WHAT NEEDS TO BE DONE
Copy, without a single change, each line from the one that holds "La finalul, după" to the bottom of the entries below, and drop any pictures.

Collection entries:

■ ■ ■ ■

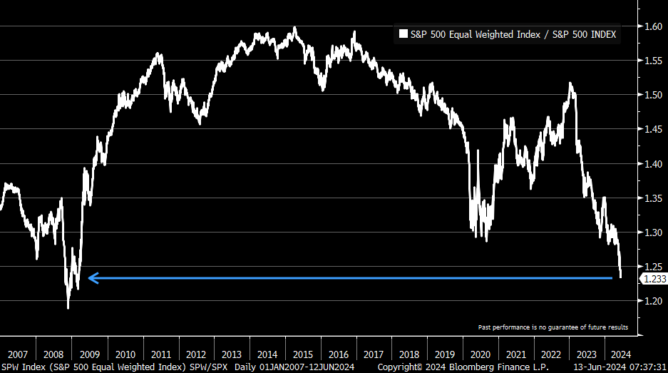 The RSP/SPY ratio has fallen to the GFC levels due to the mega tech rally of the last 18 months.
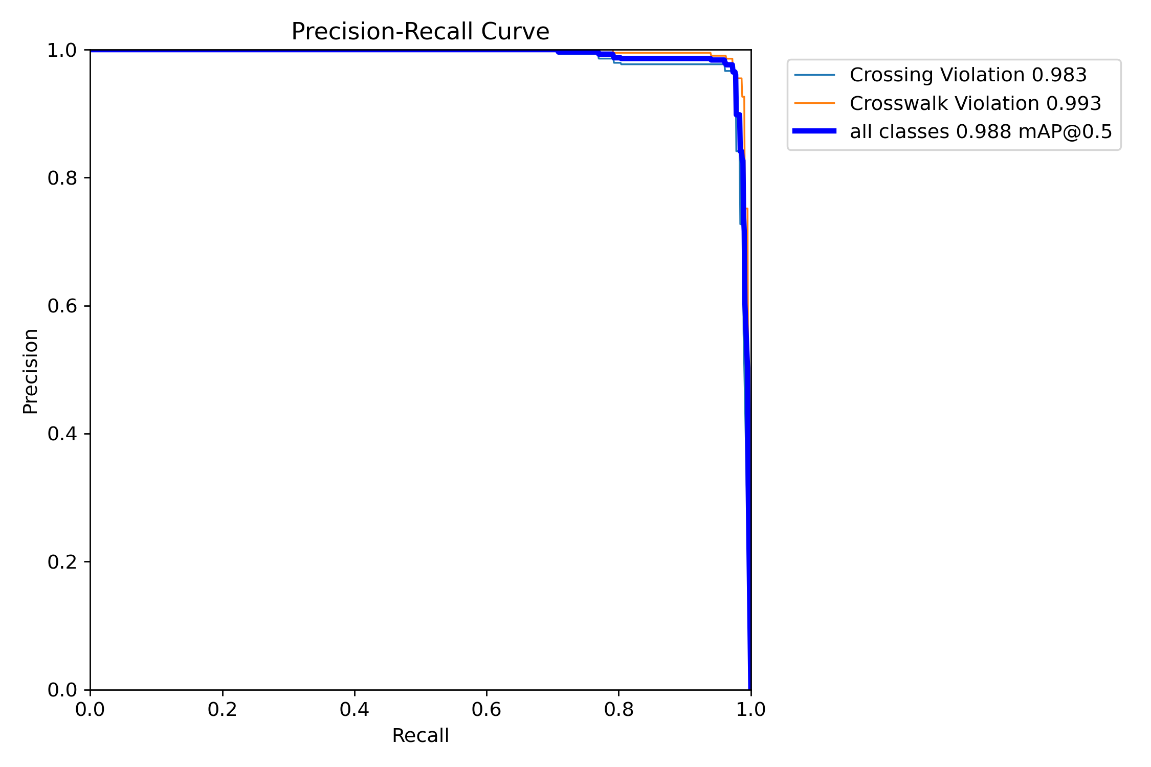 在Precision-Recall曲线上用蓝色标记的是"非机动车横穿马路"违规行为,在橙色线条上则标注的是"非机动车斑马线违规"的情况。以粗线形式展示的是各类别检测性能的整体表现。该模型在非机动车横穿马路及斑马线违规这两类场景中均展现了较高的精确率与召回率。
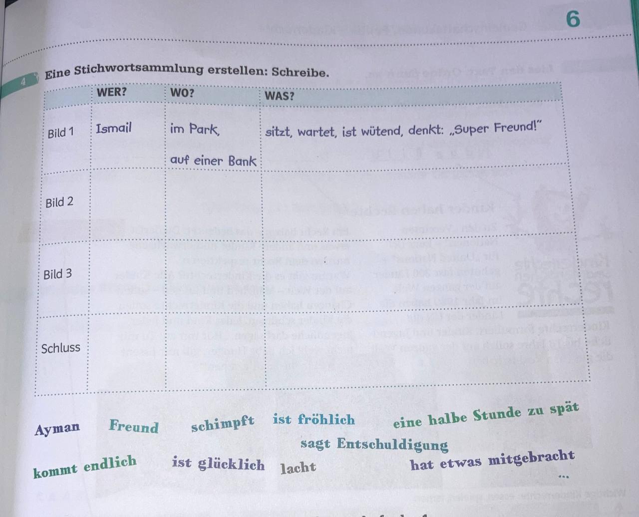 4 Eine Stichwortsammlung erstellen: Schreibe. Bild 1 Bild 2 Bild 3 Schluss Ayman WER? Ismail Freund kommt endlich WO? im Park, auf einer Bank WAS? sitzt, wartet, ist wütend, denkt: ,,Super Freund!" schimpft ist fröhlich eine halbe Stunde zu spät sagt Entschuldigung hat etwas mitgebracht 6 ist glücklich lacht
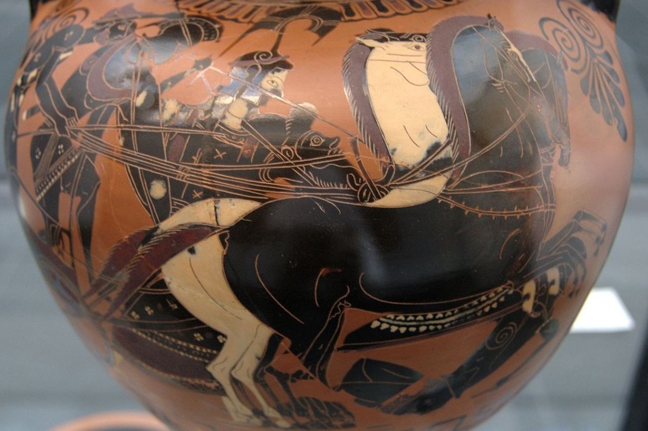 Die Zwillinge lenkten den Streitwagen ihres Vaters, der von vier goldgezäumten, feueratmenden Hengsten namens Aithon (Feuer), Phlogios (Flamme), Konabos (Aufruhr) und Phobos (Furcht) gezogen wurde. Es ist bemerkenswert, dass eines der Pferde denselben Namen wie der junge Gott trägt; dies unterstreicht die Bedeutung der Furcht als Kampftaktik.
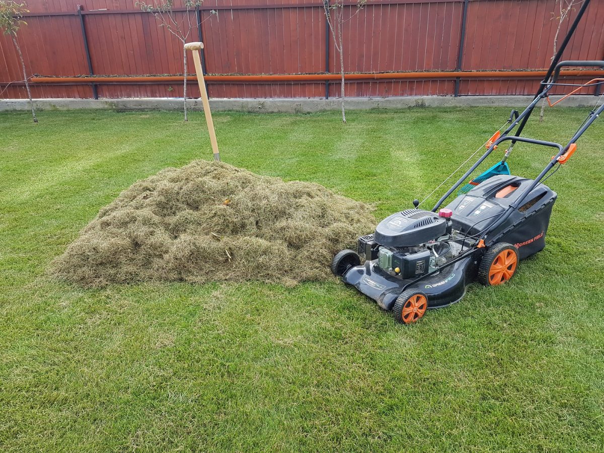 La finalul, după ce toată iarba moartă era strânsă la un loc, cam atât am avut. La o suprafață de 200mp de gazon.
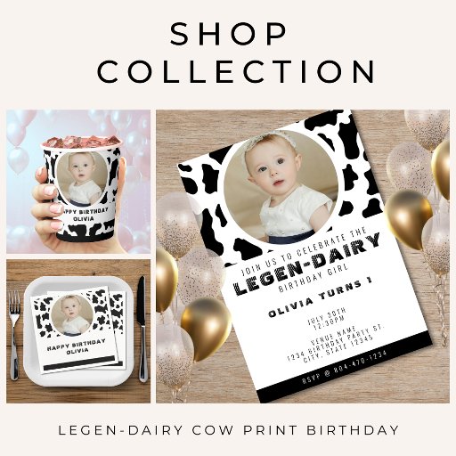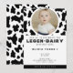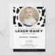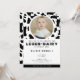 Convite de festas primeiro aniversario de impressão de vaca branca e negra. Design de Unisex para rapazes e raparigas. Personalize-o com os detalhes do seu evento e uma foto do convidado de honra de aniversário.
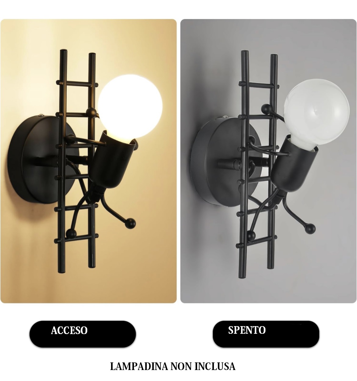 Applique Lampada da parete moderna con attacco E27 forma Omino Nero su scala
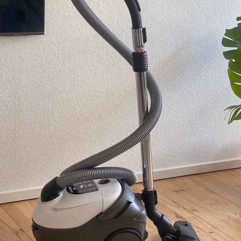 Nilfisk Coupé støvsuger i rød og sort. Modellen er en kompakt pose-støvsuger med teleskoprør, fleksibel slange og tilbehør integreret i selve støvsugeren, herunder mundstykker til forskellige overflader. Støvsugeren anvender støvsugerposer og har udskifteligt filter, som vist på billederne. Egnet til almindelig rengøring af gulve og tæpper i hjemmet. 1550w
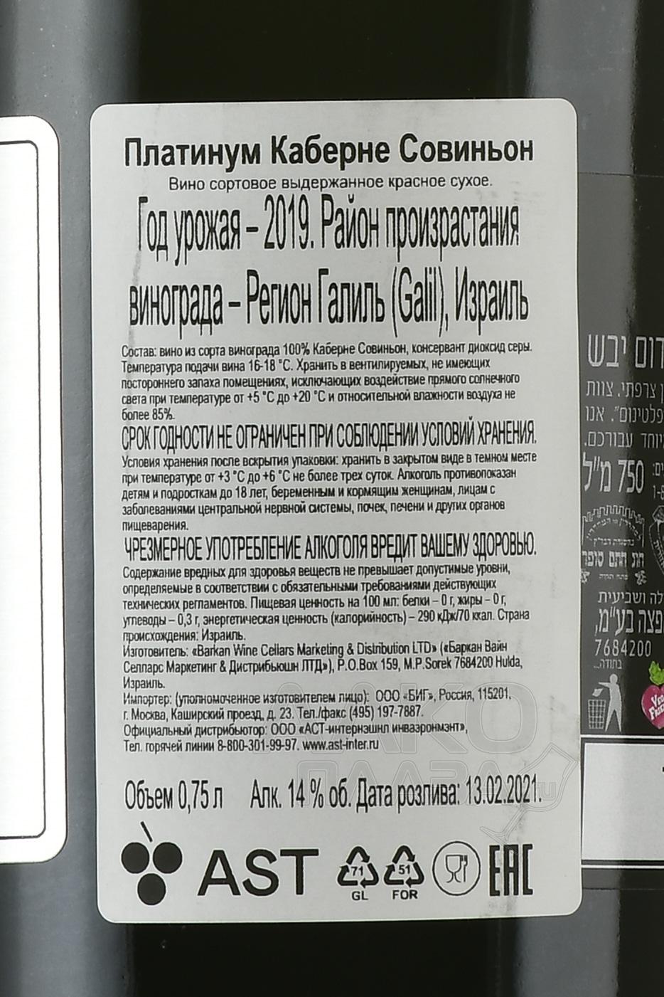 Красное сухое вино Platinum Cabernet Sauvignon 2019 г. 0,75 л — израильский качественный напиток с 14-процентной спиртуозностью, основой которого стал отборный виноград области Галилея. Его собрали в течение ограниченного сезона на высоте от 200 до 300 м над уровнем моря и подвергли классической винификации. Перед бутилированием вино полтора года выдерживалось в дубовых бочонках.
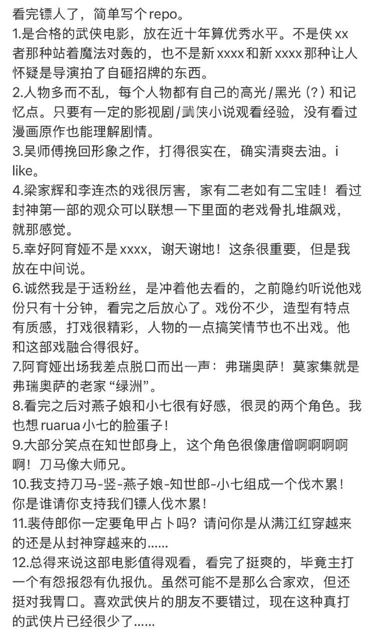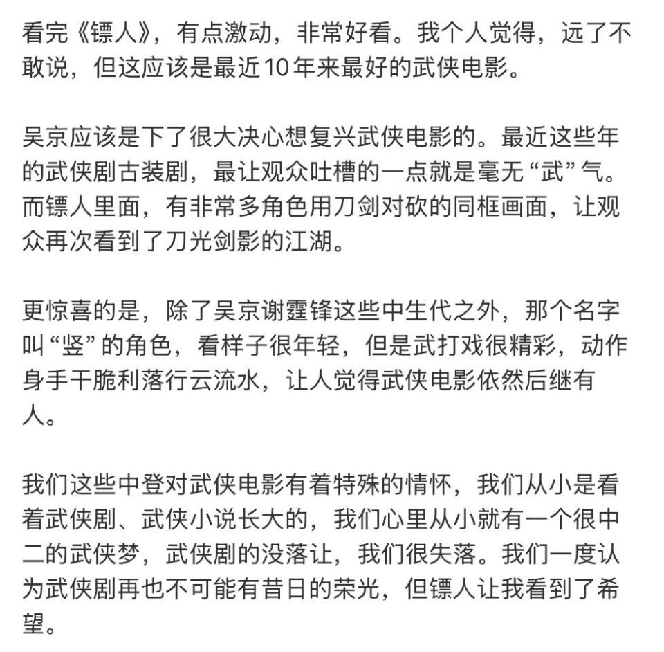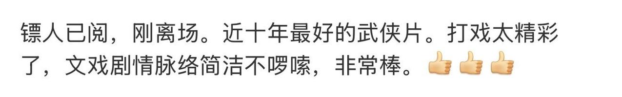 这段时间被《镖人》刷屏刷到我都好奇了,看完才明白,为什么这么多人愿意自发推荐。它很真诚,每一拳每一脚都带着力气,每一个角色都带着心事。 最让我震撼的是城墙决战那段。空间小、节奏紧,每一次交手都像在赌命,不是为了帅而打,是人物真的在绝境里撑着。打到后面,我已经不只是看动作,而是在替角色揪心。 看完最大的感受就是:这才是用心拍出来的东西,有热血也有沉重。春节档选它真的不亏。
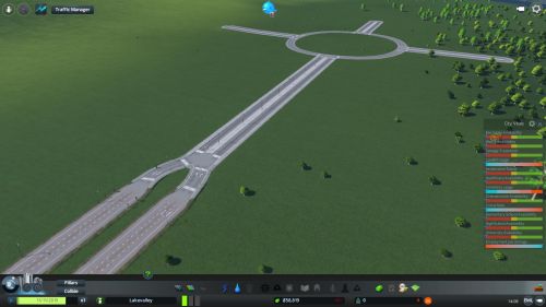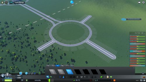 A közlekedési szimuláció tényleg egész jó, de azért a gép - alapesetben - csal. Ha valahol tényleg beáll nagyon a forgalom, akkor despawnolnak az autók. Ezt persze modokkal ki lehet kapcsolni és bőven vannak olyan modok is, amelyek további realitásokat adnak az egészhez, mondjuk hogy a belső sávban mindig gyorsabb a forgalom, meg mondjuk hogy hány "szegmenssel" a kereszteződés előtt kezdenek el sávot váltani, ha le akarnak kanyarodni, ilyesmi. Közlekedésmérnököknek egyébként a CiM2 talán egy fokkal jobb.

■ ■ ■ ■

ANSWER BELOW
 La finalul, după ce toată iarba moartă era strânsă la un loc, cam atât am avut. La o suprafață de 200mp de gazon.
 Convite de festas primeiro aniversario de impressão de vaca branca e negra. Design de Unisex para rapazes e raparigas. Personalize-o com os detalhes do seu evento e uma foto do convidado de honra de aniversário.
 Applique Lampada da parete moderna con attacco E27 forma Omino Nero su scala
 Nilfisk Coupé støvsuger i rød og sort. Modellen er en kompakt pose-støvsuger med teleskoprør, fleksibel slange og tilbehør integreret i selve støvsugeren, herunder mundstykker til forskellige overflader. Støvsugeren anvender støvsugerposer og har udskifteligt filter, som vist på billederne. Egnet til almindelig rengøring af gulve og tæpper i hjemmet. 1550w
 Красное сухое вино Platinum Cabernet Sauvignon 2019 г. 0,75 л — израильский качественный напиток с 14-процентной спиртуозностью, основой которого стал отборный виноград области Галилея. Его собрали в течение ограниченного сезона на высоте от 200 до 300 м над уровнем моря и подвергли классической винификации. Перед бутилированием вино полтора года выдерживалось в дубовых бочонках.
 这段时间被《镖人》刷屏刷到我都好奇了,看完才明白,为什么这么多人愿意自发推荐。它很真诚,每一拳每一脚都带着力气,每一个角色都带着心事。 最让我震撼的是城墙决战那段。空间小、节奏紧,每一次交手都像在赌命,不是为了帅而打,是人物真的在绝境里撑着。打到后面,我已经不只是看动作,而是在替角色揪心。 看完最大的感受就是:这才是用心拍出来的东西,有热血也有沉重。春节档选它真的不亏。
 A közlekedési szimuláció tényleg egész jó, de azért a gép - alapesetben - csal. Ha valahol tényleg beáll nagyon a forgalom, akkor despawnolnak az autók. Ezt persze modokkal ki lehet kapcsolni és bőven vannak olyan modok is, amelyek további realitásokat adnak az egészhez, mondjuk hogy a belső sávban mindig gyorsabb a forgalom, meg mondjuk hogy hány "szegmenssel" a kereszteződés előtt kezdenek el sávot váltani, ha le akarnak kanyarodni, ilyesmi. Közlekedésmérnököknek egyébként a CiM2 talán egy fokkal jobb.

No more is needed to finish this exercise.